Collection entries:
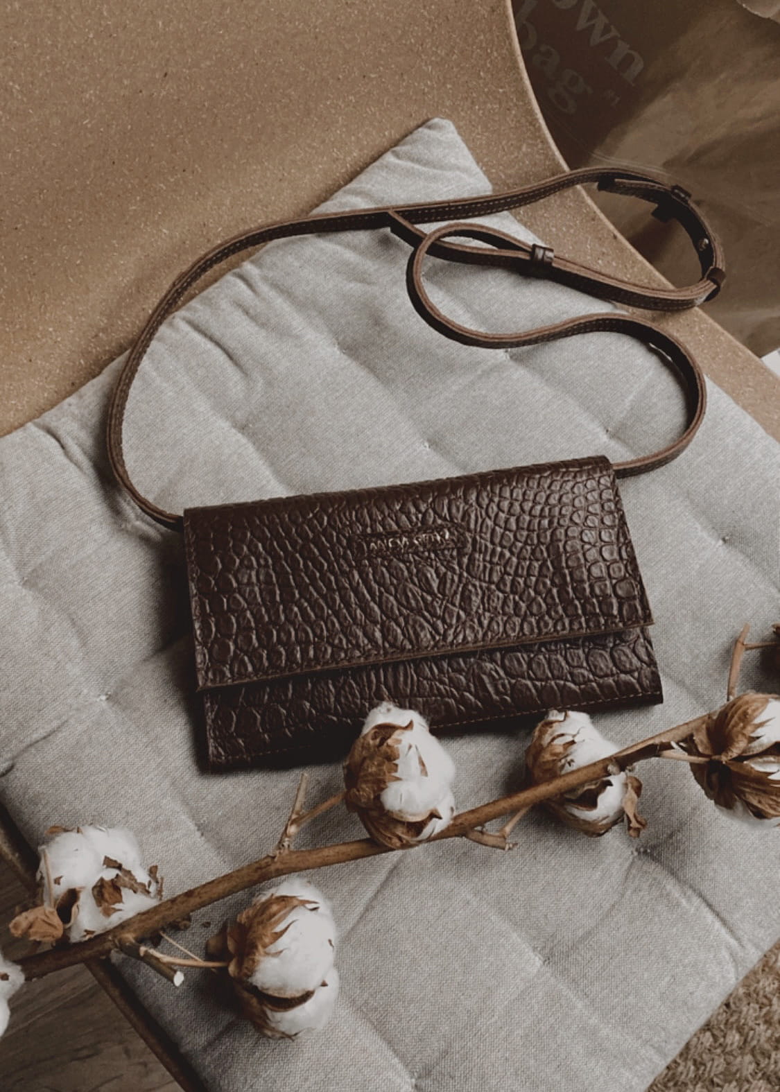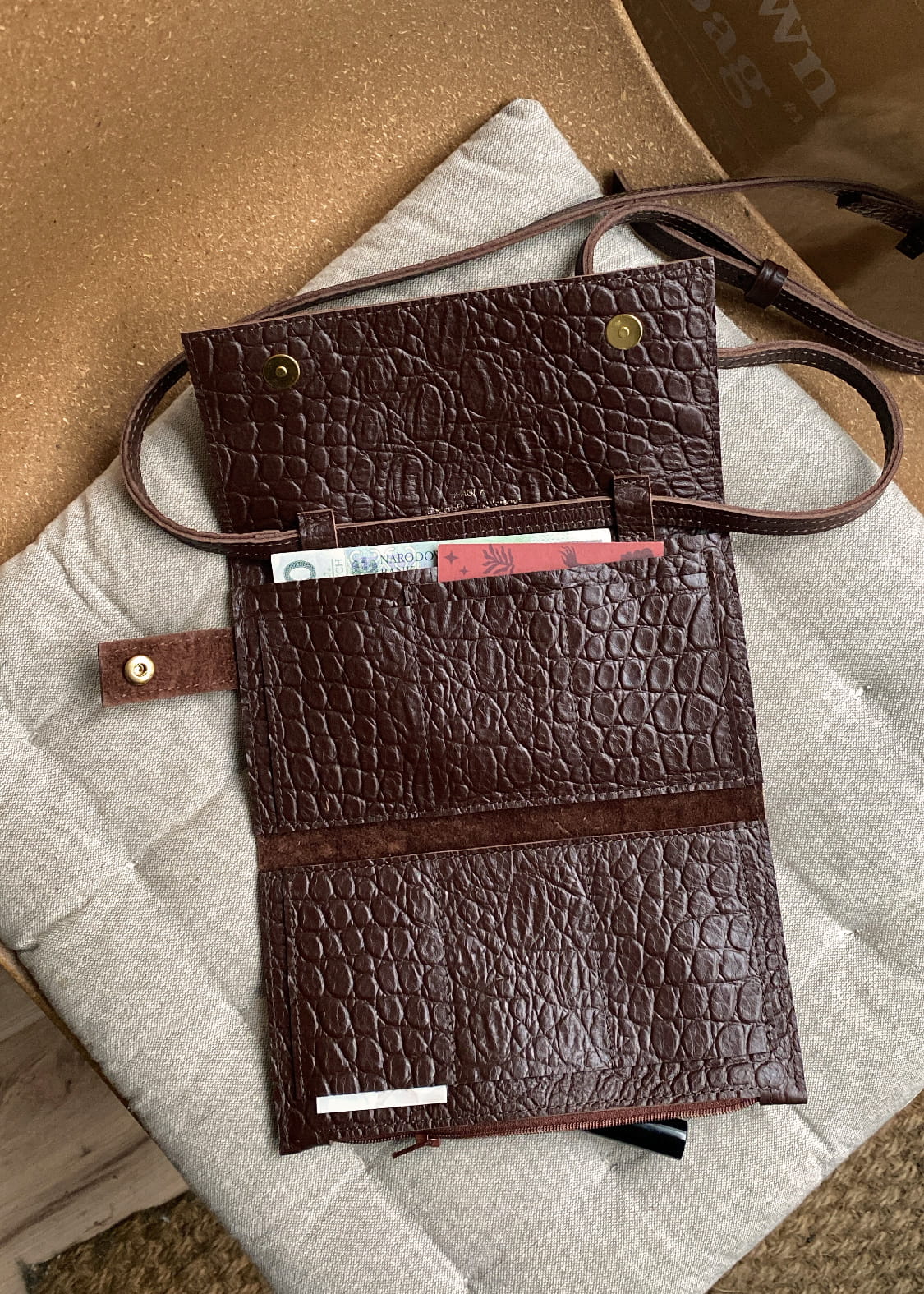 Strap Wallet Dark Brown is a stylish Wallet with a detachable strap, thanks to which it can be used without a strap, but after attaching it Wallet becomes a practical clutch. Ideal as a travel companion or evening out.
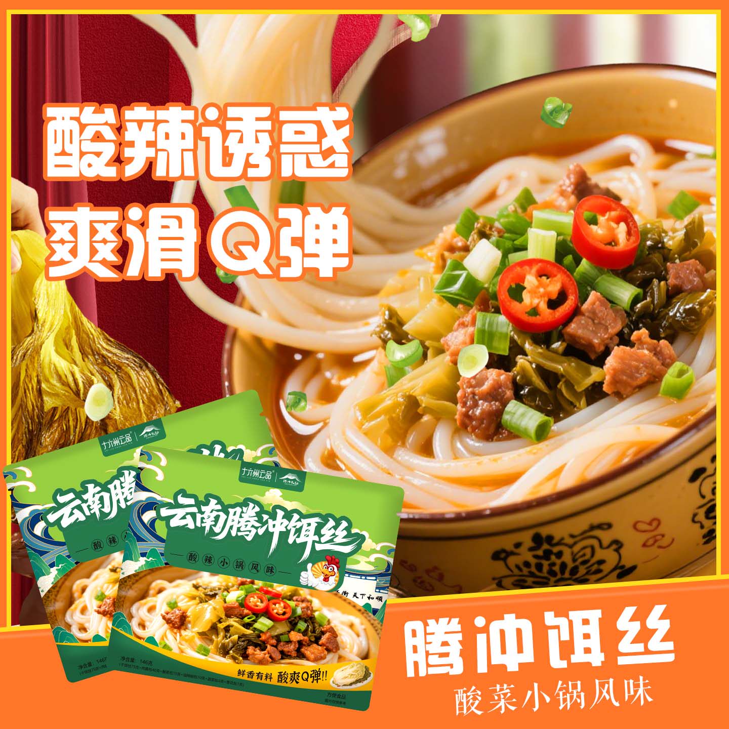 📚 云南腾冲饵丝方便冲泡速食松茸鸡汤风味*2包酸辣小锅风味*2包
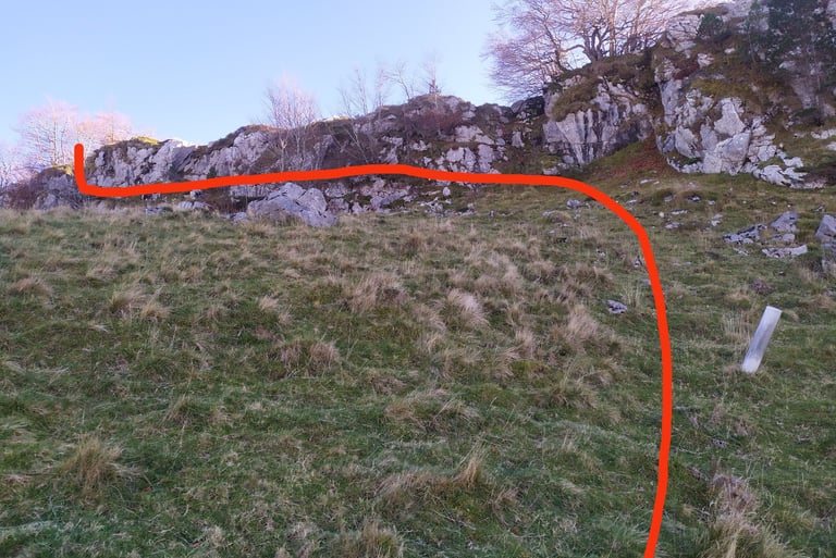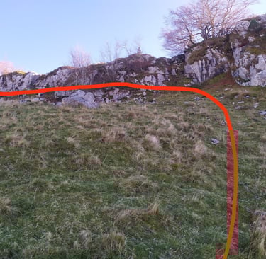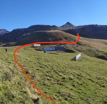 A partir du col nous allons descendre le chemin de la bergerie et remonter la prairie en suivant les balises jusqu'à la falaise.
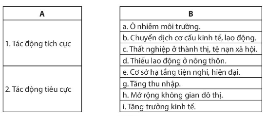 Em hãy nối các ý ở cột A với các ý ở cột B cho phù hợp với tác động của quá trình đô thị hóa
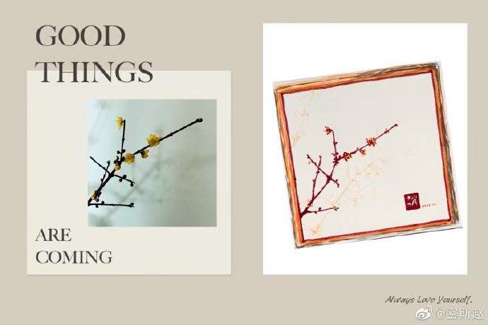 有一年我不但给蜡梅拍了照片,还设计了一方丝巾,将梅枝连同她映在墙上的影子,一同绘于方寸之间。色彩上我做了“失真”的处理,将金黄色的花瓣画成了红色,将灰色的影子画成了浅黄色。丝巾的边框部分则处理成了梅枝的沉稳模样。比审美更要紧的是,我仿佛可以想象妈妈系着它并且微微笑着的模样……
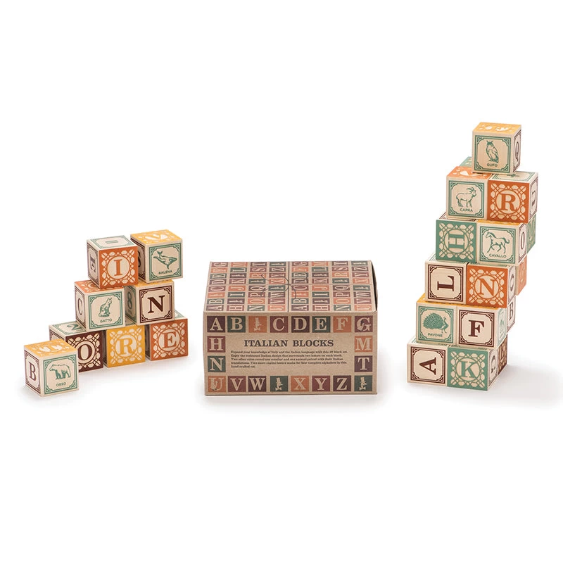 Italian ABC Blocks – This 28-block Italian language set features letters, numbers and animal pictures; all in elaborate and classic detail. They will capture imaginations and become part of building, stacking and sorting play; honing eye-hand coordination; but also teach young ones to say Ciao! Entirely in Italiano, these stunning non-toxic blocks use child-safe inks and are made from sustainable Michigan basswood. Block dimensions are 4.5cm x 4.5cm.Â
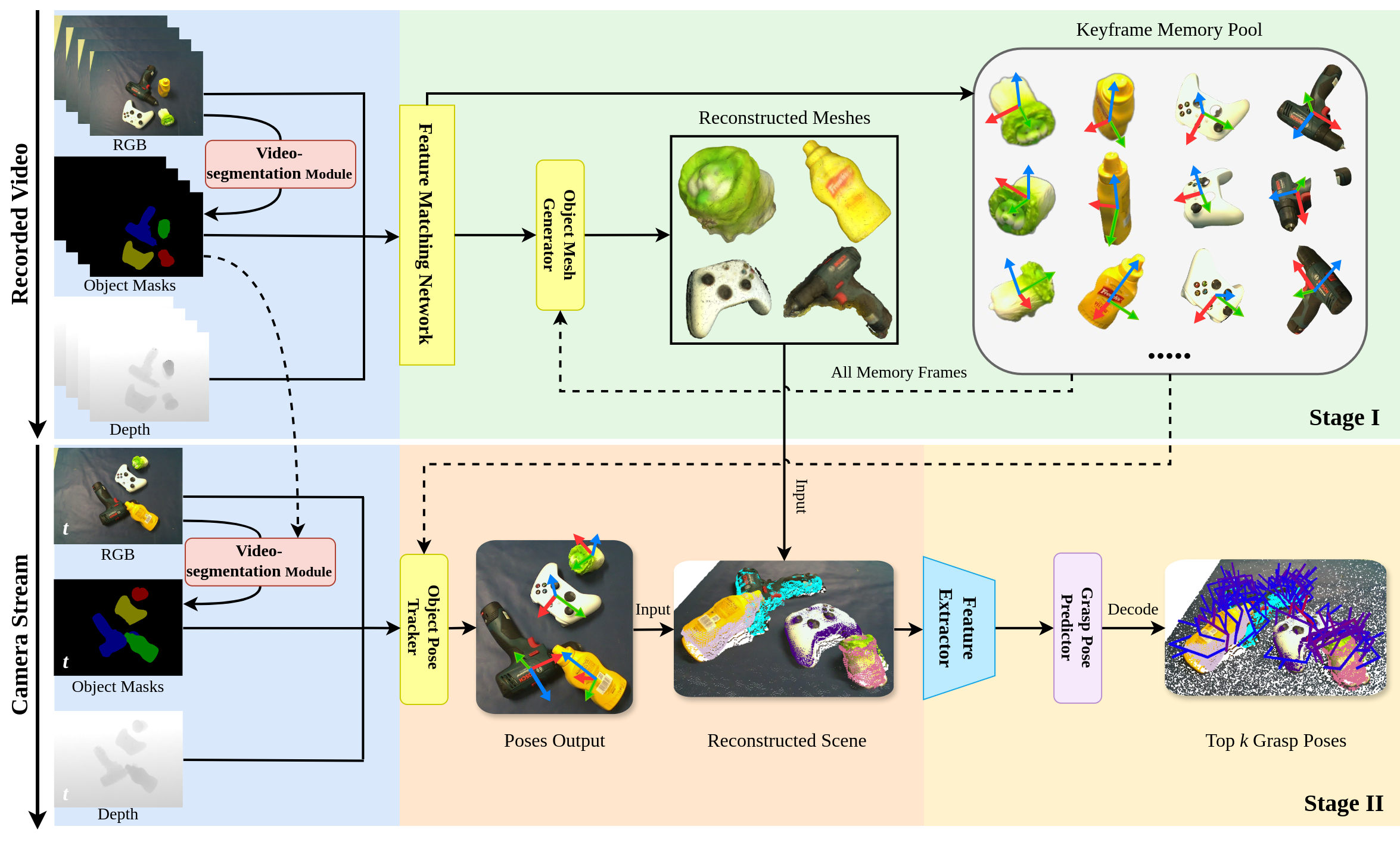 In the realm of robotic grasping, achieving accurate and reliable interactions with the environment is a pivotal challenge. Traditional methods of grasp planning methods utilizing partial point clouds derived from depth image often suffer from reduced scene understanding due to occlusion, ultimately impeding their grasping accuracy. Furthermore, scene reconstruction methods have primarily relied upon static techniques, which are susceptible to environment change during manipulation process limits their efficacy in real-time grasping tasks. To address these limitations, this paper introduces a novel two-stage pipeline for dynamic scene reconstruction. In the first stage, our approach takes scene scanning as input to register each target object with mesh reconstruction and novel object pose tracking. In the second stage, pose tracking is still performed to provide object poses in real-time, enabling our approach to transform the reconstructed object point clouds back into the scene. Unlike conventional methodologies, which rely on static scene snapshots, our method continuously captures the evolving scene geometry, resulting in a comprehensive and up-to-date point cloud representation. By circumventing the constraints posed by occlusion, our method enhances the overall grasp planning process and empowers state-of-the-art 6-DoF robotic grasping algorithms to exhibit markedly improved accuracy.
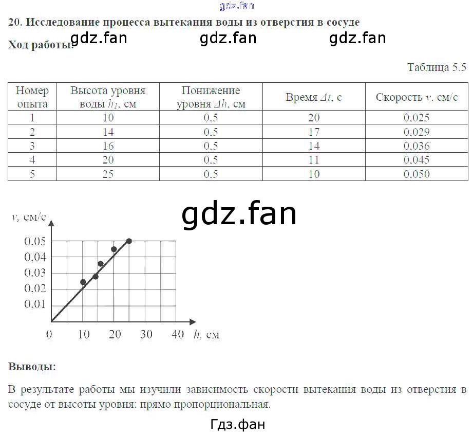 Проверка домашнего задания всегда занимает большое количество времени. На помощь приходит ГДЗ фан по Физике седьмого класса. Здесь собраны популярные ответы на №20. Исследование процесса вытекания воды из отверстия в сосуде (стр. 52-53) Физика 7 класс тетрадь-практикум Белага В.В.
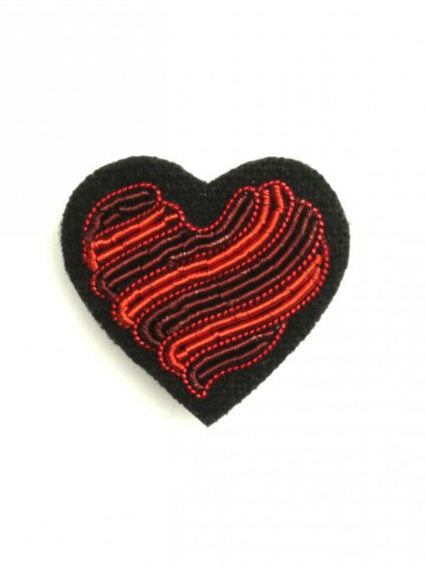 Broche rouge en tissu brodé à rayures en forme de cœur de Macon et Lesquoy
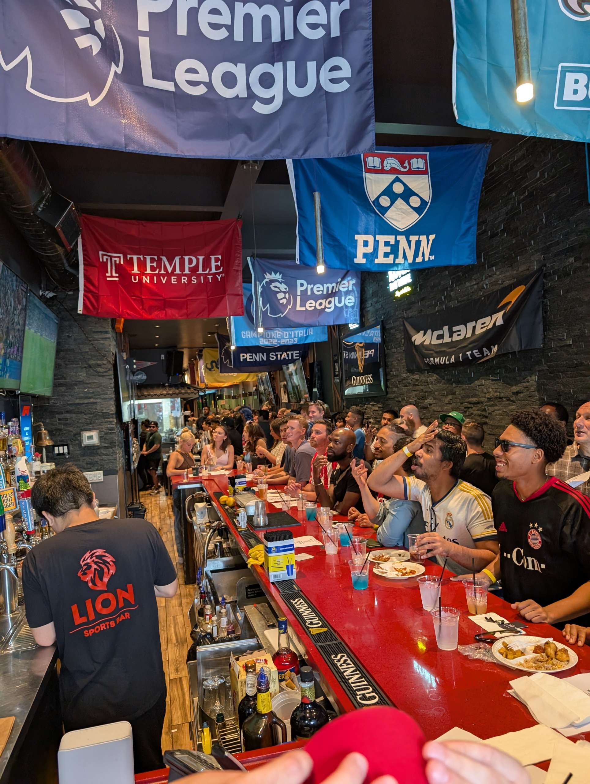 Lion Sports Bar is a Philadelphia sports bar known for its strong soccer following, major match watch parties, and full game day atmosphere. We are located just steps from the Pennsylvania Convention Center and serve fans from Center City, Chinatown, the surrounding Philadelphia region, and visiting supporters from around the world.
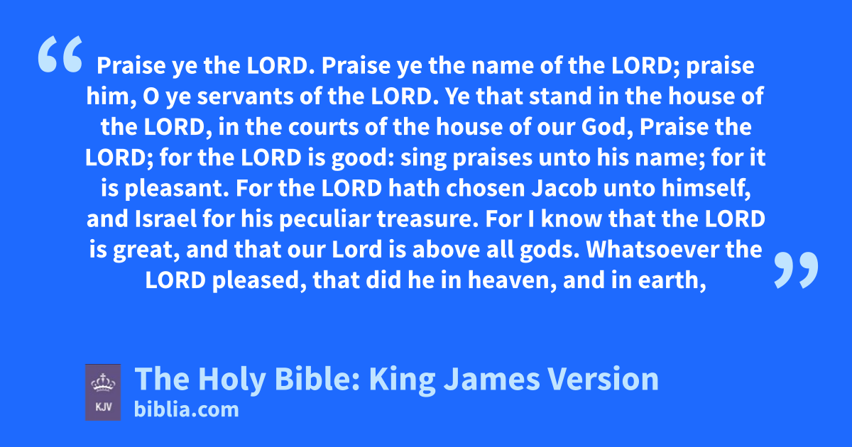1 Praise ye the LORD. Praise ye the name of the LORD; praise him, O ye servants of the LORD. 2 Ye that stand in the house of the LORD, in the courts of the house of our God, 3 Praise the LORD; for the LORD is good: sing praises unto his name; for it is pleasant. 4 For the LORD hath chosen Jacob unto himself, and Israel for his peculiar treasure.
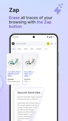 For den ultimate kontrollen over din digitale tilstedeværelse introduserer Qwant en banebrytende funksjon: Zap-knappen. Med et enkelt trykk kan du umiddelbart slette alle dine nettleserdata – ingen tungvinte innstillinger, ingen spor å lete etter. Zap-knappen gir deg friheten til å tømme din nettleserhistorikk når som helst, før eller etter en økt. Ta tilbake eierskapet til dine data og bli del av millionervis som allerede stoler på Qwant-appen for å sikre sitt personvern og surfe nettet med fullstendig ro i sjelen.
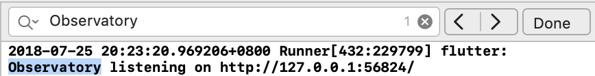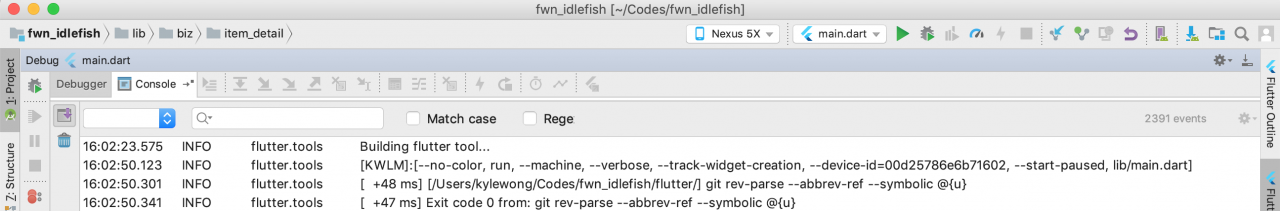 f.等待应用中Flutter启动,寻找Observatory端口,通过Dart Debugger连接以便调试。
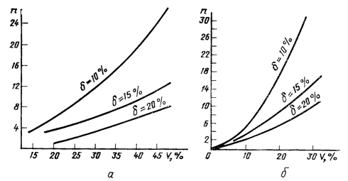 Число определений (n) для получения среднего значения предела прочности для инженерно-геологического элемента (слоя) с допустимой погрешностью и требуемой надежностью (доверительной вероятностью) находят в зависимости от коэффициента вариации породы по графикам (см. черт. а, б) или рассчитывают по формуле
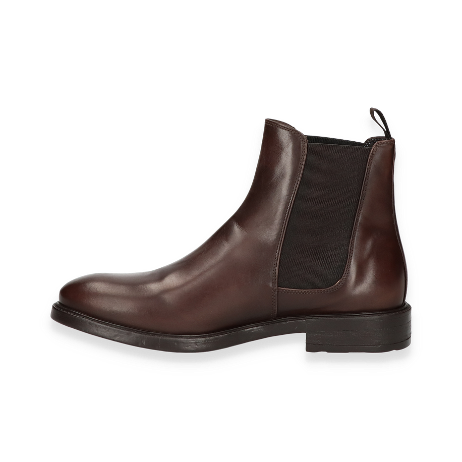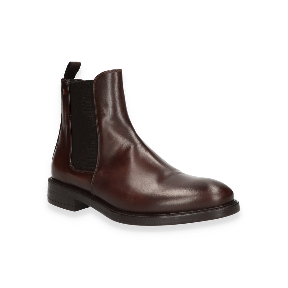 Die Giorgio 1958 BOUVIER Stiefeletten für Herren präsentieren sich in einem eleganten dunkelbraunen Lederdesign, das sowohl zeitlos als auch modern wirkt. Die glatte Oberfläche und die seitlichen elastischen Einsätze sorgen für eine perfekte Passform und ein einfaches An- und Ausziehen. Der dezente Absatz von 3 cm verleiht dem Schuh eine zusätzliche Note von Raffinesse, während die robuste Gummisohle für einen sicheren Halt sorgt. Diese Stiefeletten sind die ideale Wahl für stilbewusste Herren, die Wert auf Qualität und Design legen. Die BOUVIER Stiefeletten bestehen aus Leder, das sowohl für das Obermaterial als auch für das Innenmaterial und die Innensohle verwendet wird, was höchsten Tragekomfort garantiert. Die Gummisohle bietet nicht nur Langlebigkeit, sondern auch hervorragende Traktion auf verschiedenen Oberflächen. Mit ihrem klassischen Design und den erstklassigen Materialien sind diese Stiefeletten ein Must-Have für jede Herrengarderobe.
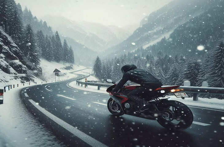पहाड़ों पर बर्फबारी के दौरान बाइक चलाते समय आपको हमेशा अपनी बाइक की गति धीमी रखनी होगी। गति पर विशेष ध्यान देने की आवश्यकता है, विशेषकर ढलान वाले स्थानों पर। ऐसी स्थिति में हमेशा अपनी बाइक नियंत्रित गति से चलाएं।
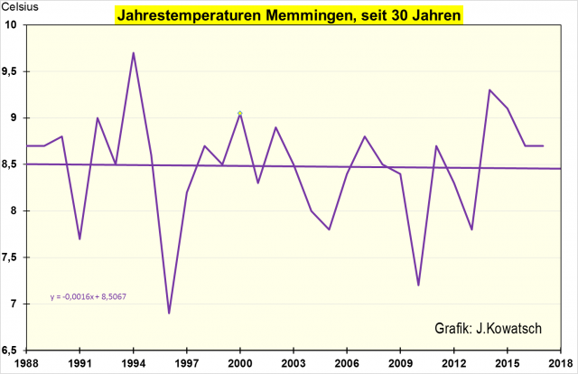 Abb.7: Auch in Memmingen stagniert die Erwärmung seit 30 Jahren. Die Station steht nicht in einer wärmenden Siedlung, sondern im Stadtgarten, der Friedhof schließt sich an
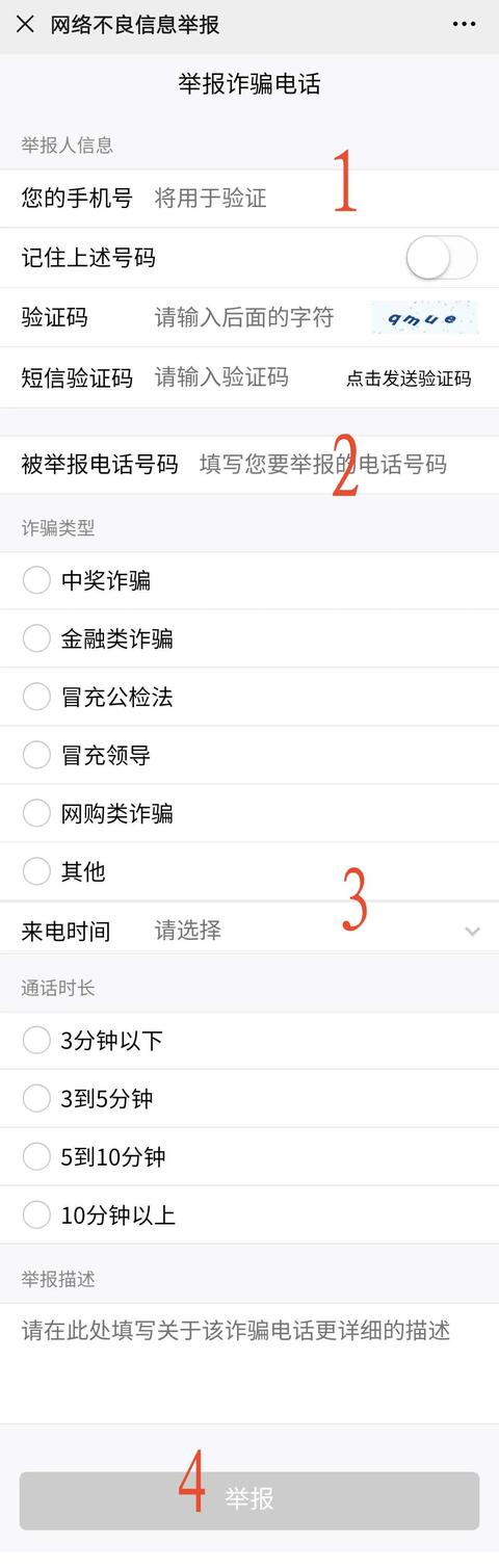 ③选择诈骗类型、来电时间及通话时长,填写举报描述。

▶ **ABOUT THIS TASK**
Nothing but the lines above from the one that has "For den ultimate" down to the one that has "Число определений (n)" belongs in the answer, copied exactly, without pictures.

▶ **TASK ANSWER**
 For den ultimate kontrollen over din digitale tilstedeværelse introduserer Qwant en banebrytende funksjon: Zap-knappen. Med et enkelt trykk kan du umiddelbart slette alle dine nettleserdata – ingen tungvinte innstillinger, ingen spor å lete etter. Zap-knappen gir deg friheten til å tømme din nettleserhistorikk når som helst, før eller etter en økt. Ta tilbake eierskapet til dine data og bli del av millionervis som allerede stoler på Qwant-appen for å sikre sitt personvern og surfe nettet med fullstendig ro i sjelen.
 f.等待应用中Flutter启动,寻找Observatory端口,通过Dart Debugger连接以便调试。
 Число определений (n) для получения среднего значения предела прочности для инженерно-геологического элемента (слоя) с допустимой погрешностью и требуемой надежностью (доверительной вероятностью) находят в зависимости от коэффициента вариации породы по графикам (см. черт. а, б) или рассчитывают по формуле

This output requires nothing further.